The material below contains a line with "Itinerary Umroh Plus" and a line with "Crazy Train Women's". Copy exactly those two lines and all lines between them.

START DATASET EXTRACT

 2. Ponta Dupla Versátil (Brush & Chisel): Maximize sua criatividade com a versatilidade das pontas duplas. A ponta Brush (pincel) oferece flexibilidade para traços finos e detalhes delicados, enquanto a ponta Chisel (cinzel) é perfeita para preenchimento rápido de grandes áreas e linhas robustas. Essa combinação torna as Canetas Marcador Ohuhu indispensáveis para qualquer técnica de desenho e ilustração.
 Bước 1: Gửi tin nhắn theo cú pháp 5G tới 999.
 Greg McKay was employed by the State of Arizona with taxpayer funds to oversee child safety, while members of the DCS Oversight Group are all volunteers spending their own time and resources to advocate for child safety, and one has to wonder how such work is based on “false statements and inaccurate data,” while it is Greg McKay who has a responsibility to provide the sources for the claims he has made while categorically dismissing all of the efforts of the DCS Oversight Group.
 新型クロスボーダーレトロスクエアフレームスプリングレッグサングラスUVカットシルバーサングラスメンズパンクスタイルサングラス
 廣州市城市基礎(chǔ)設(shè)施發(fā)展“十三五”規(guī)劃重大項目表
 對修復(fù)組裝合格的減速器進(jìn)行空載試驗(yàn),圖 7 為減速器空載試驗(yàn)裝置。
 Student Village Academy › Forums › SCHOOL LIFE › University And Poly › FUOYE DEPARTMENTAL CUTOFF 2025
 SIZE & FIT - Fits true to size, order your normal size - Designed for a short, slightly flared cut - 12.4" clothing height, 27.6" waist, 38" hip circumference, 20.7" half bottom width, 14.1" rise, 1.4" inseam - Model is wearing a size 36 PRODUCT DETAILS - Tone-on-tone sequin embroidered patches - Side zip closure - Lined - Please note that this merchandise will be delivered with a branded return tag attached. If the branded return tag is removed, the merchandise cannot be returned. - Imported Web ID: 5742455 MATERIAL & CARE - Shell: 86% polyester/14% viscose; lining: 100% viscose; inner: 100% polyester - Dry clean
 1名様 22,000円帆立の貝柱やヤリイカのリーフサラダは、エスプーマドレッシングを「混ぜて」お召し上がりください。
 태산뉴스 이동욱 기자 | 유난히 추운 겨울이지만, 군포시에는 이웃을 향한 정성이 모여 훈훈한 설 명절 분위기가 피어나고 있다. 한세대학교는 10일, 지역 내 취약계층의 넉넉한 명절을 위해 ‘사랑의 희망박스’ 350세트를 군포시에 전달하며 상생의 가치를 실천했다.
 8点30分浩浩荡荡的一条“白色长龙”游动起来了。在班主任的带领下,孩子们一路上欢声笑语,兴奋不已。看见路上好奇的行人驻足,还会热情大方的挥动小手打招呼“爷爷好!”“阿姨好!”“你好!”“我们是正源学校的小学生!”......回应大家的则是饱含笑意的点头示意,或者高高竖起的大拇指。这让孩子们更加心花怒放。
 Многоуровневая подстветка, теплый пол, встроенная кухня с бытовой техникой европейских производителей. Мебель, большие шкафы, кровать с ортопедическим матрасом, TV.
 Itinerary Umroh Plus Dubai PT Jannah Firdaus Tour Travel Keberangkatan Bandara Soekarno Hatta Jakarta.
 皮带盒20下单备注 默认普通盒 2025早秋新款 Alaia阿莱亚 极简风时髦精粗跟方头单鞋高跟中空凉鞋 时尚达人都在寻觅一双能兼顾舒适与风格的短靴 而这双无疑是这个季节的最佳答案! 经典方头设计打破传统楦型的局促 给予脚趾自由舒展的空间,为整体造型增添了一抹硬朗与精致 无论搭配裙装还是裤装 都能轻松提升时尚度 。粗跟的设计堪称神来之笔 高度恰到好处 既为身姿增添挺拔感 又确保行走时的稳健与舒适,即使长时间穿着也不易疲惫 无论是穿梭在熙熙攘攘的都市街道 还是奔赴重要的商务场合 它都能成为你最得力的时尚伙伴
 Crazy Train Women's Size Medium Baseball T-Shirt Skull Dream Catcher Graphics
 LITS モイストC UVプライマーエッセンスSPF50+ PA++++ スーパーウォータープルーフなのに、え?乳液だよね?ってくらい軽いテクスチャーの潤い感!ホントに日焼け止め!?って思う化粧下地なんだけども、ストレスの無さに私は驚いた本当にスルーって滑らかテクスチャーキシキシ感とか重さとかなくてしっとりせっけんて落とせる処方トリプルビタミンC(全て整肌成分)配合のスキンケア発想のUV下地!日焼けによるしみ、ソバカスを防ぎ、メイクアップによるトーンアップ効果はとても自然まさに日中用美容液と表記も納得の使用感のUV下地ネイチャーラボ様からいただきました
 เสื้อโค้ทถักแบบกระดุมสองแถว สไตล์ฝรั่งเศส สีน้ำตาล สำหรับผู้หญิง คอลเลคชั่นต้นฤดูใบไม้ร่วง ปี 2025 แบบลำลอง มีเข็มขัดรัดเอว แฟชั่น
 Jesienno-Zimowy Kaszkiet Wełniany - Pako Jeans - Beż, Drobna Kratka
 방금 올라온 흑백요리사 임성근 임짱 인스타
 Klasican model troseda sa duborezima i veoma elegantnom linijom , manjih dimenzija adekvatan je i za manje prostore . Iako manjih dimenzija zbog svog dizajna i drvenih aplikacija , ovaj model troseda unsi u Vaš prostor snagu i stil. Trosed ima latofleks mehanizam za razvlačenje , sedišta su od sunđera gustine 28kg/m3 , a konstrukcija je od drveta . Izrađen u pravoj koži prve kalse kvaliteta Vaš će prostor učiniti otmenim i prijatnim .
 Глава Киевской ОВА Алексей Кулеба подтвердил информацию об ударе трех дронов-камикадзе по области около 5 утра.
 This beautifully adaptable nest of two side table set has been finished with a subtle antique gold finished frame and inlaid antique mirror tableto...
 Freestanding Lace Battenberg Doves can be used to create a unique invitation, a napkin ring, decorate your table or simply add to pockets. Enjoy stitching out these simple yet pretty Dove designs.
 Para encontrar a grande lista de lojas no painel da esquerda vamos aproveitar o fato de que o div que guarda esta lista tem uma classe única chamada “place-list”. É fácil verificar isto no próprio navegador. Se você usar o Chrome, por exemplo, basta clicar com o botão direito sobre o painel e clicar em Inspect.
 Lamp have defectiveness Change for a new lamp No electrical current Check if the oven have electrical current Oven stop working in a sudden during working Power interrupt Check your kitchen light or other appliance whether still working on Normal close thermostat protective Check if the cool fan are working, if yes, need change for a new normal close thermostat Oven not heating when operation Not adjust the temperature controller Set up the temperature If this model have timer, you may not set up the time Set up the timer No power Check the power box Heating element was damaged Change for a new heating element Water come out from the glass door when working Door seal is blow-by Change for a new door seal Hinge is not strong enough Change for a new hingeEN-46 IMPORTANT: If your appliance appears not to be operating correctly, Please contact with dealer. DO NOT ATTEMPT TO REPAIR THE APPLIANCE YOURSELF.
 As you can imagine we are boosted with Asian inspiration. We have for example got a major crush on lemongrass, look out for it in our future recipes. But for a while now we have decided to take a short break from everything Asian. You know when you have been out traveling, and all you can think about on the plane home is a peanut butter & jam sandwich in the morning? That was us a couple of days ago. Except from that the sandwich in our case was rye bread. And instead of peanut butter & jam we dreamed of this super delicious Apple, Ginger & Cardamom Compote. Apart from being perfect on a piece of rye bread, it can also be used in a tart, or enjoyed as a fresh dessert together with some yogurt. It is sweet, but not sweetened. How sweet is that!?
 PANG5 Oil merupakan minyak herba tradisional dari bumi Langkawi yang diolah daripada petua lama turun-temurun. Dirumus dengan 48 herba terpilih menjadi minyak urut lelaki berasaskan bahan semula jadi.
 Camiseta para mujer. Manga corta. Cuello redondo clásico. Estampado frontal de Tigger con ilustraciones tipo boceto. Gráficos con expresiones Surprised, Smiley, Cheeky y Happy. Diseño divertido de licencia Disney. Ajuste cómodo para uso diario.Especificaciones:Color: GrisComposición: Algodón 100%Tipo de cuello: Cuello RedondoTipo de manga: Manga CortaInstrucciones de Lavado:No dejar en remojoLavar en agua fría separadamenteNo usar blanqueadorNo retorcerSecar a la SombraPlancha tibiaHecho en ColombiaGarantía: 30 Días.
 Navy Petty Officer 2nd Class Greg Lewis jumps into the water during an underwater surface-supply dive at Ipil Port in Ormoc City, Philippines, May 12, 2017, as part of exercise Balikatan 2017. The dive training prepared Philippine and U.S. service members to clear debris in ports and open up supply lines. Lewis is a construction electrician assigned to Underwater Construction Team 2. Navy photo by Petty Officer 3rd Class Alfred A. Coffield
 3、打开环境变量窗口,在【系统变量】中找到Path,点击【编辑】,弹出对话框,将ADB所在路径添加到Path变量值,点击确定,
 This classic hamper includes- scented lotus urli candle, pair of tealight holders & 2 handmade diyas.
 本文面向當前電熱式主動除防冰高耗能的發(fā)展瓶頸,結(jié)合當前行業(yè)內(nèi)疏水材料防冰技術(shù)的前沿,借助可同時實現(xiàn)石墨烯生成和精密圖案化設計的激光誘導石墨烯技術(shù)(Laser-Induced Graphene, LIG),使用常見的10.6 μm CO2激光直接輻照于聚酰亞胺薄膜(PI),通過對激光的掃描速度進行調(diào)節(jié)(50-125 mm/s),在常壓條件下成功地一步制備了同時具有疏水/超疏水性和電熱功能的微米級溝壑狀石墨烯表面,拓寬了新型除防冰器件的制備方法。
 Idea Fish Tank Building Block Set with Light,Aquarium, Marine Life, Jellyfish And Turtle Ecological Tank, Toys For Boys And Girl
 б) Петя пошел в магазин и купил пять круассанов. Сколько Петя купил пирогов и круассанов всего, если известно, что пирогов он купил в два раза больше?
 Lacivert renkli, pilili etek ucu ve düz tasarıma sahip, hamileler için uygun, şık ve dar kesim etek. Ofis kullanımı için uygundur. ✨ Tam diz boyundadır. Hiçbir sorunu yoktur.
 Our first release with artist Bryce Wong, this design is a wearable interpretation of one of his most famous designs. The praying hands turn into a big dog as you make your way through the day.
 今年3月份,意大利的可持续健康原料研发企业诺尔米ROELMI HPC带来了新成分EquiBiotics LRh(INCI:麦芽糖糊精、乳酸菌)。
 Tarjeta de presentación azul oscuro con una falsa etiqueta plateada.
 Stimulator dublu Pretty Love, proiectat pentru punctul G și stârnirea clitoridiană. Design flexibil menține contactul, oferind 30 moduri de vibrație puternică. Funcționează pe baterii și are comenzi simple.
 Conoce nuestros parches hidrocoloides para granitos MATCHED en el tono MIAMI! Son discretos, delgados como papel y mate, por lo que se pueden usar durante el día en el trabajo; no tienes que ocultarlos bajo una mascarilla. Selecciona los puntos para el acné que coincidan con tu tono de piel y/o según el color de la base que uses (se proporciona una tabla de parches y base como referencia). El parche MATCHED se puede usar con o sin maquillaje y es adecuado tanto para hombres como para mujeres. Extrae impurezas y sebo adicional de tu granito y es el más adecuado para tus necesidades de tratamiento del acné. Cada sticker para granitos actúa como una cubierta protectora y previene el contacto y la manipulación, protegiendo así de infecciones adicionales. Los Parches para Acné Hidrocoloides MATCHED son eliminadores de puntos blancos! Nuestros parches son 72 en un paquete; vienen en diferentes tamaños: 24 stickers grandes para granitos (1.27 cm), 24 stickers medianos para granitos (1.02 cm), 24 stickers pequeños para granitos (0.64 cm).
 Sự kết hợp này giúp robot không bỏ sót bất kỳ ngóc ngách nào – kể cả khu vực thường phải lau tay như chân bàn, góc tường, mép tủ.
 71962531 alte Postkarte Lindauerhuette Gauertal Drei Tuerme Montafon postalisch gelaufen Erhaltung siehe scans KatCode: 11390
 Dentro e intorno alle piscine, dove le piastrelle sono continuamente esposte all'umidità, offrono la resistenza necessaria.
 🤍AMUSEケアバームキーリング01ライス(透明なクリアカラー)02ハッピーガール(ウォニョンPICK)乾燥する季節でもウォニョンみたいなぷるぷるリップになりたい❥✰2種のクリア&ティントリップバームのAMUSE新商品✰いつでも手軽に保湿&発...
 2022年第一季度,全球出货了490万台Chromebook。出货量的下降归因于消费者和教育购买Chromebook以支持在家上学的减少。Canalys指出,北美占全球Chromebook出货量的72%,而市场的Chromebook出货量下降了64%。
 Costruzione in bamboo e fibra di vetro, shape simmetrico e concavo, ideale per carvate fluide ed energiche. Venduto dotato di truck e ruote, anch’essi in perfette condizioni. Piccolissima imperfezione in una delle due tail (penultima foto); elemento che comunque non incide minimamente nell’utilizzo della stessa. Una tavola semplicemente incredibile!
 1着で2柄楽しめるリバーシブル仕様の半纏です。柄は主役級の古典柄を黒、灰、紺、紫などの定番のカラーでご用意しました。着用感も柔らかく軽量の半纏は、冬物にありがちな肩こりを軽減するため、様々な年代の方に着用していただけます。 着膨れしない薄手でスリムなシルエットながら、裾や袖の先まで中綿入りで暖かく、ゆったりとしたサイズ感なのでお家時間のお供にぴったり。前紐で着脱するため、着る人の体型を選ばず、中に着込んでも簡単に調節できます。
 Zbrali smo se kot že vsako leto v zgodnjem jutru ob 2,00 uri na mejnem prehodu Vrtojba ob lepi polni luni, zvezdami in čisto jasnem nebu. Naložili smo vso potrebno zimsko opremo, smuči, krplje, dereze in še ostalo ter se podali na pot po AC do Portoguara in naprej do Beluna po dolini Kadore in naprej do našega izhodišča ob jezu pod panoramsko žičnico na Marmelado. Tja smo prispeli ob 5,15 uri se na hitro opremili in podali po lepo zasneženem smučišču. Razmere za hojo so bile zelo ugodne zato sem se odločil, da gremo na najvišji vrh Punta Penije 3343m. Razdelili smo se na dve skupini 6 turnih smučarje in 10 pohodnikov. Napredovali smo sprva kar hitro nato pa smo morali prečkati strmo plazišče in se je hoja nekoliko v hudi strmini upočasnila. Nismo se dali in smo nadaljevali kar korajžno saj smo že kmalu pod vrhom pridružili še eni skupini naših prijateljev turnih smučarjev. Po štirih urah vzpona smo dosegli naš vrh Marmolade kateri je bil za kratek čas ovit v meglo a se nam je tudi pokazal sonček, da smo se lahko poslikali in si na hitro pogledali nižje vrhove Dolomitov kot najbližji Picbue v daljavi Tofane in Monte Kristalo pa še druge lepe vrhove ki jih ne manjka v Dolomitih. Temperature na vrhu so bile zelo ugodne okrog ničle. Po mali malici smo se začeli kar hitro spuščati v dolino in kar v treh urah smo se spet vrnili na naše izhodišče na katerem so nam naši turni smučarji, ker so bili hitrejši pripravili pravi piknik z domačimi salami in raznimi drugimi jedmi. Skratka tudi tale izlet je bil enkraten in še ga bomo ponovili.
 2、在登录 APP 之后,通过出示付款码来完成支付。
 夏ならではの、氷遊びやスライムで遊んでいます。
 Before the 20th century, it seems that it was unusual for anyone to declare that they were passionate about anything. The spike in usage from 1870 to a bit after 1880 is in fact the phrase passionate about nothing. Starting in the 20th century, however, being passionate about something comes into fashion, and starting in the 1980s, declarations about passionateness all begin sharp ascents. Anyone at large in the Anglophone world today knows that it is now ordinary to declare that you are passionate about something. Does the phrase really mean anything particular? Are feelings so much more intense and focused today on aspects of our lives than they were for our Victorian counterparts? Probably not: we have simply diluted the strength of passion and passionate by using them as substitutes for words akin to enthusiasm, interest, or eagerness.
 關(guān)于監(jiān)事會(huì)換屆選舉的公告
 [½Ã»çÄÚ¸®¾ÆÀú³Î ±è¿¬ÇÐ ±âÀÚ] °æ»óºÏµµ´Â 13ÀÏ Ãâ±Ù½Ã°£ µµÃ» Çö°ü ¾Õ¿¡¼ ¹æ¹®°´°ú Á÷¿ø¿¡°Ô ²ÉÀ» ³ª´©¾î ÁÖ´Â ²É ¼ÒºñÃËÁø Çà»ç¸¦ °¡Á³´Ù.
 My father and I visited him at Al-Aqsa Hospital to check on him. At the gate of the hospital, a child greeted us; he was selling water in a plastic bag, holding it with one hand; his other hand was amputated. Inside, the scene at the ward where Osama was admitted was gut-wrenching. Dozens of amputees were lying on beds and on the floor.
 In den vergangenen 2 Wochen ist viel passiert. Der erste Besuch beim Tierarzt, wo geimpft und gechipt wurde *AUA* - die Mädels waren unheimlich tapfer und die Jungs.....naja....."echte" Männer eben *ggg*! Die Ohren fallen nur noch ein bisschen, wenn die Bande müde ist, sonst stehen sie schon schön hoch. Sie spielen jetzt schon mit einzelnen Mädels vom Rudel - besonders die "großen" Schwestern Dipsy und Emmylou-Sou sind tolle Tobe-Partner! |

END DATASET EXTRACT

§ **TASK RESPONSE**
 Itinerary Umroh Plus Dubai PT Jannah Firdaus Tour Travel Keberangkatan Bandara Soekarno Hatta Jakarta.
 皮带盒20下单备注 默认普通盒 2025早秋新款 Alaia阿莱亚 极简风时髦精粗跟方头单鞋高跟中空凉鞋 时尚达人都在寻觅一双能兼顾舒适与风格的短靴 而这双无疑是这个季节的最佳答案! 经典方头设计打破传统楦型的局促 给予脚趾自由舒展的空间,为整体造型增添了一抹硬朗与精致 无论搭配裙装还是裤装 都能轻松提升时尚度 。粗跟的设计堪称神来之笔 高度恰到好处 既为身姿增添挺拔感 又确保行走时的稳健与舒适,即使长时间穿着也不易疲惫 无论是穿梭在熙熙攘攘的都市街道 还是奔赴重要的商务场合 它都能成为你最得力的时尚伙伴
 Crazy Train Women's Size Medium Baseball T-Shirt Skull Dream Catcher Graphics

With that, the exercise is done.